LONDON, Nov 07, 2005 (Dow Jones Commodities News via Comtex)

Ambitious plans by Libya to significantly ramp up its oil output in the coming years could be hindered by sluggish economic reforms and undesirable investment terms, the International Energy Agency warned Monday.

After 20 years of under-investment and sanctions, the Libyan energy sector is experiencing a revival. U.S.-imposed sanctions have been lifted and foreign firms are eager to gain access to Libya's enormous hydrocarbon reserves.

But a lack of transparency and uncertain licensing terms have already caused delays in attracting much-needed foreign funds and technology into Libya, a member of the Organization of Petroleum Exporting Countries.

In its World Energy Outlook through 2030, the Paris-based IEA said Libyan forecasts that its crude production will rise by 1.4 million barrels a day to just over 3 million b/d in 2015 are unrealistic.

"We expect production to rise slightly less quickly than targeted, due to delays in implementing economic reforms and unattractive contract terms," the energy security watchdog for the world's wealthiest nations said.

The IEA estimates that it could take Libya another 15 years to reach its 3 million b/d oil output target.

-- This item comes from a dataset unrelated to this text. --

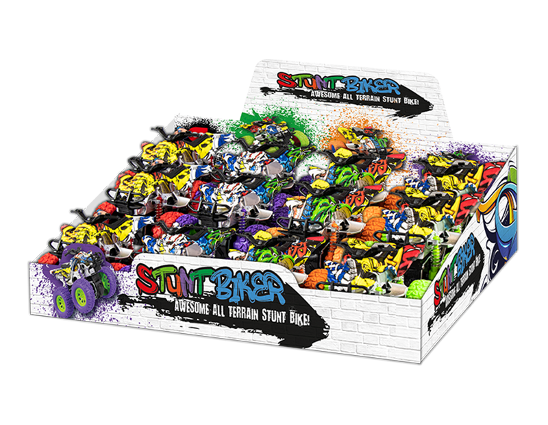 Each bike features street-style artwork designs and bright neon wheels. Each carton has an assortment of four colour quad bikes.

The IEA also said Libya will need to attract a massive $41 billion of investment up to 2030 if it is to push ahead with developing its oil sector.

Libya's gas prospects however, look more promising. The IEA predicted that marketed gas production will rise from 6 billion cubic meters in 2003 to 12 bcm in 2010 and surge to 57 bcm in 2030.

But if confusion about the country's investment terms persists and much-needed economic reforms don't get off the ground, the IEA said, the pace of investment in Libya's energy sector could be seriously delayed.

If this happens, the IEA estimated that Libya would only manage to achieve 2 million b/d of oil output by 2030 and a gas production level of 33 bcm.